Asked whether members of Congress and the public should not have a say in the trial, Holder said decisions about where to prosecute belong in the executive branch of government. “I know this case in a way that members of Congress do not. I’ve looked at the files. I’ve talked to the prosecutors," he said. “So do I know better than them? Yes.”
Court filings today reiterate Holder's statement on moving the cases. “In light of this opposition by Congress to a federal criminal prosecution, the government does not believe there is any reasonable likelihood that the defendants will be tried in this forum in the near future,” the department said in an order dismissing civilian charges.
The five-page order (PDF) goes on to suggest that DOJ officials did not want to try to outwait the opponents of a civilian trial.
“Both the public generally, and the victims of the terrorist attacks of September 11, 2001, and their families specifically, have a strong interest in seeing the defendants prosecuted in some forum,” the order says. “Because a timely prosecution in federal court does not appear feasible, the Attorney General intends to refer this matter to the Department of Defense to proceed in military commissions.”
The order was signed by U.S. Attorneys Preet Bharara of the Southern District of New York and Neil MacBride of the Eastern District of Virginia, and it was approved by Senior U.S. District Judge Kevin Duffy of the Southern District of New York.

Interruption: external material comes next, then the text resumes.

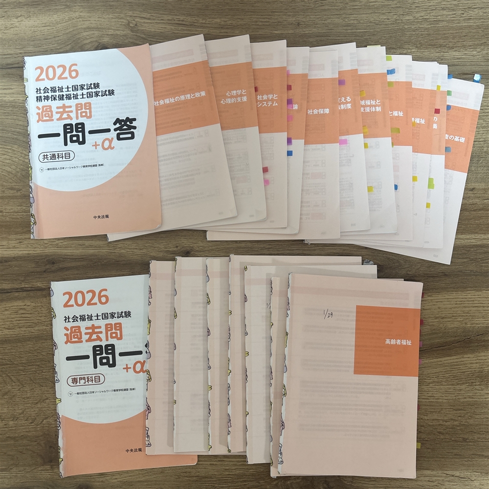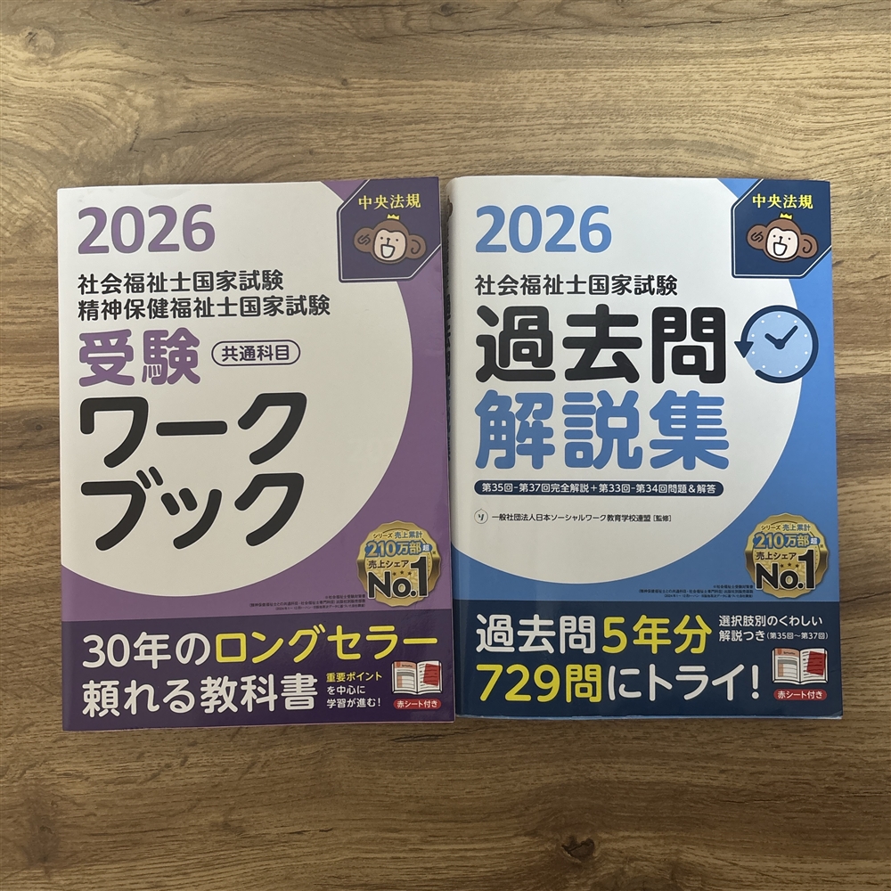 4月に養成校に入学した後、4月から授業のテキストで学んだことは、中央法規の 『社会福祉士過去問一問一答+α2026』 で復習をしました。

Holder’s decision comes one day before the House Judiciary Committee is set to hold a hearing on the use of civilian courts to try alleged terrorists. Families of 9/11 victims have been scheduled to testify. In a statement today, Rep. Lamar Smith (R-Texas), the committee’s chairman, said the administration should have turned to military commissions sooner.
“It’s unfortunate that it took the Obama administration more than two years to figure out what the majority of Americans already know: that 9-11 conspirator Khalid Sheikh Mohammed is not a common criminal, he’s a war criminal,” Smith said.
Sen. Chuck Schumer (D-N.Y.) said in a statement that the idea of holding a trial in New York, as Holder proposed in 2009, had been “wrong-headed.” He added, “I have always said that the perpetrators of this horrible crime should get the ultimate penalty, and I believe this proposal by the administration can make that happen.”
Updated at 2:37 p.m. with Holder's comments.
Give them a fair trial ,and then hang them.
Really they should have re-opened Jefferson Island prison off The Florida Keys again to house them..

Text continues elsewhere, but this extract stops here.